«Noi continuiamo a chiedere al governo, ogni giorno, che venga fissata la data dei referendum. E che venga accorpata a quella delle amministrative, perché significherebbe anche un risparmio di spese per i cittadini». Il segretario generale della Fiom, Maurizio Landini, è impegnato già da diverse settimane nella campagna per sostenere i due quesiti su voucher e appalti, come d’altronde lo sono i colleghi sindacalisti, a partire da Susanna Camusso.

Pensate che il quorum sia a portata di mano?
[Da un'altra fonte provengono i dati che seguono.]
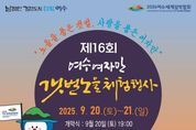 [인천광역신문] 관리자 기자 | 여수시는 오는 9월 20일부터 21일까지 이틀간 소라면 해넘이길 일원에서 ‘제16회 여수여자만갯벌노을체험행사’를 개최한다. 이번 행사는 여자만의 황홀한 석양과 갯벌 생태, 문화를 체험하며 가을 바다의 정취를 만끽할 수 있도록 준비됐다. 대표 체험 프로그램으로는 ▲대나무 망둥어 낚시 ▲바지락 캐기 ▲맨손 고기잡이 ▲복개도 보물찾기 등이 마련돼 아이들과 가족 단위 관람객이 직접 참여할 수 있다. 올해는 학생 사생대회와 청소년 댄스 페스티벌의 수상 인원을 확대하고 갯벌노을 사진 콘테스트와 맨손 전복 따기 체험을 새롭게 추가해 참여자들에게 한층 특별한 추억을 선사할 예정이다. 또한 ▲노을 가요제 ▲노을 음악회 ▲행복버블벌룬쇼 ▲갯벌 오징어게임 등 새로운 무대 프로그램이 준비돼 다양한 즐길 거리를 제공한다. 이외에도 ▲가족 아스팔트 그림그리기 ▲노을 페이스페인팅 ▲비누 만들기 ▲프리마켓 등 부대행사도 운영된다. 정기명 시장은 “여자만의 갯벌과 노을을 배경으로 한 이번 행사는 단순한 축제를 넘어 자연과 사람, 환경이 어우러지는 의미 있는 시간으로 준비했
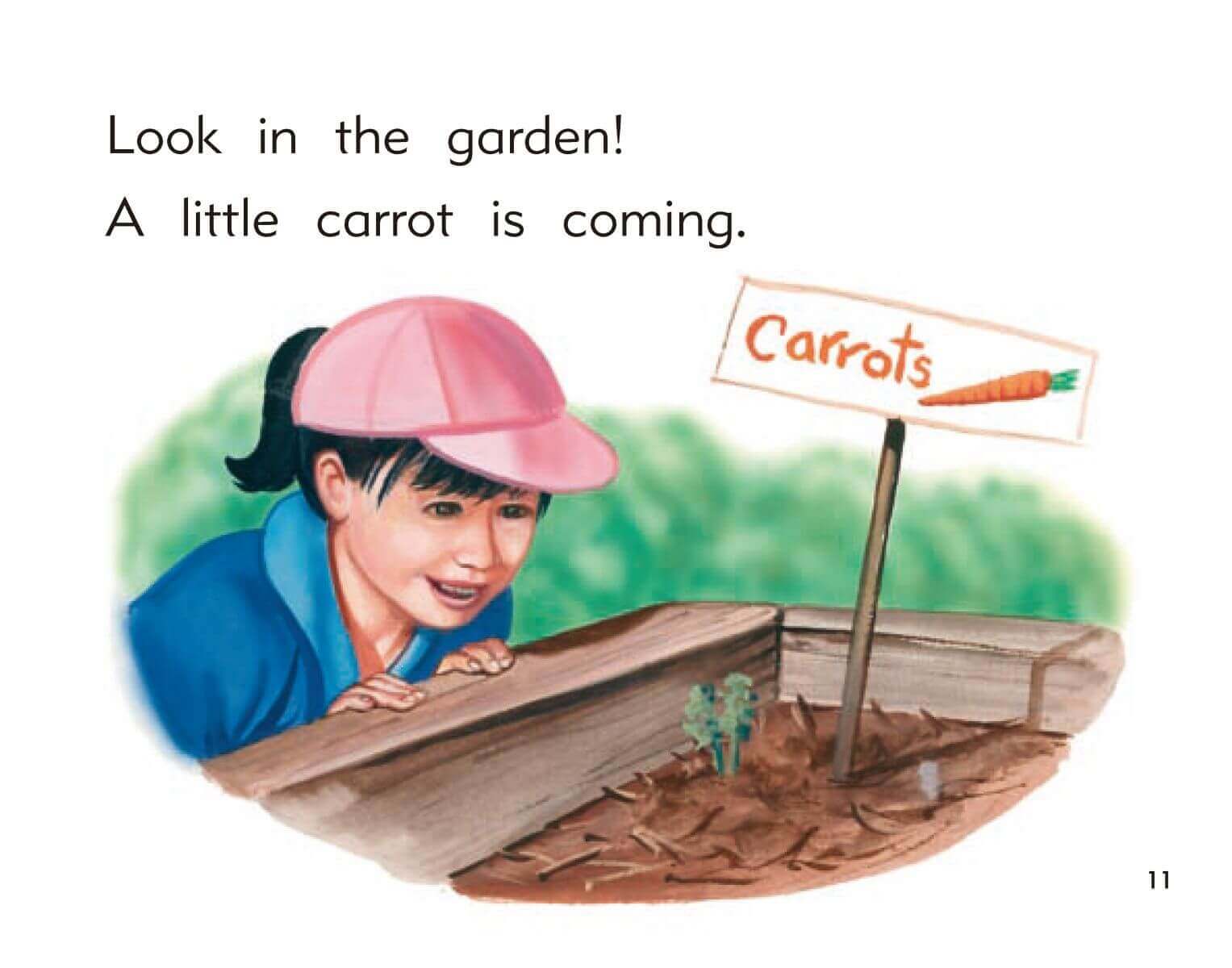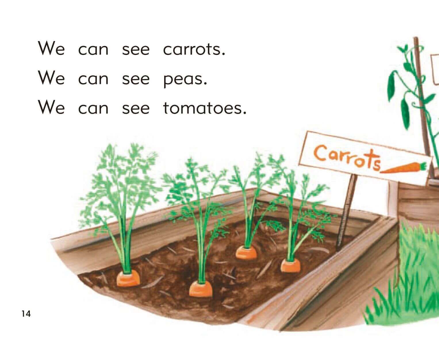 Carrots are in the garden. Peas and tomatoes are in the garden, too. Connect to the fiction text pair, The Big Mud Puddle.
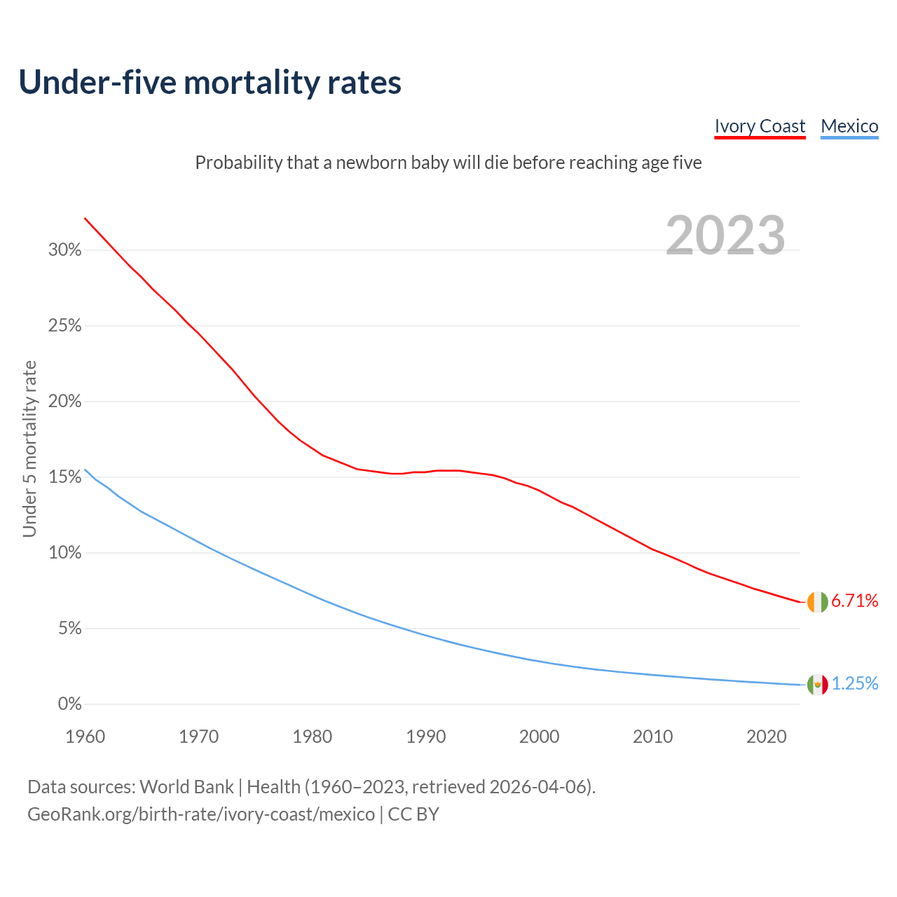 The chance that a newborn baby will die before reaching age five is 6.71% in Ivory Coast and 1.25% in Mexico. Above is a chart with historical data on under-five mortality rates.

Non ci nascondiamo che non è un obiettivo facile, scontato. Bisogna portare a votare 26 milioni di persone: i segnali che vedo, però, sia dal mondo del lavoro, ma più in generale anche dai giovani, dagli stessi imprenditori, mi confortano. Adesso però è importante che il governo fissi una data, come ho detto, e che possibilmente coincida con le prossime elezioni amministrative.

Quindi anche alcuni imprenditori sarebbero interessati a partecipare al voto?

Parlo ovviamente di quelli che puntano sugli investimenti e l’innovazione, sulla qualità del lavoro: imprese che fanno concorrenza sleale tramite l’uso smodato dei voucher e gli appalti al massimo ribasso rappresentano per loro uno degli ostacoli maggiori.

Insomma confidate nella voglia di partecipare.

Beh, se ragioniamo sul referendum del 4 dicembre, dove sono andati a votare quasi il 70% degli aventi diritto, la possibilità c’è. E ricordo che si è trattato di sei milioni in più di v otanti rispetto alle elezioni europee: persone che evidentemente non si sentivano rappresentate da nessun partito, hanno poi deciso di esprimersi sulla Costituzione. Era anche un esplicito voto di dissenso rispetto alle scelte economiche e sociali del governo Renzi.

E rispetto al governo Gentiloni? Secondo voi deve durare fino a fine legislatura per affrontare i dossier più urgenti? Magari anche i vostri?

Il mio problema non è la durata, ma cosa fa. Se volesse potrebbe fare una legge che cancelli i voucher e una nuova normativa sulla responsabilità solidale negli appalti. C’è il problema delle pensioni, di far ripartire gli investimenti. E a fine anno si riapre la discussione sul Fiscal compact: dobbiamo ripensare quei vincoli che ci hanno addirittura portato a inserire il pareggio di bilancio in Costituzione, riuscire a scorporare dal conteggio del deficit gli investimenti. Un altro nodo è il reddito di dignità. E infine una riforma seria degli ammortizzatori sociali: è assurdo che a una impresa costi di più ricorrere alla cassa integrazione o al contratto di solidarietà che non fare dei licenziamenti.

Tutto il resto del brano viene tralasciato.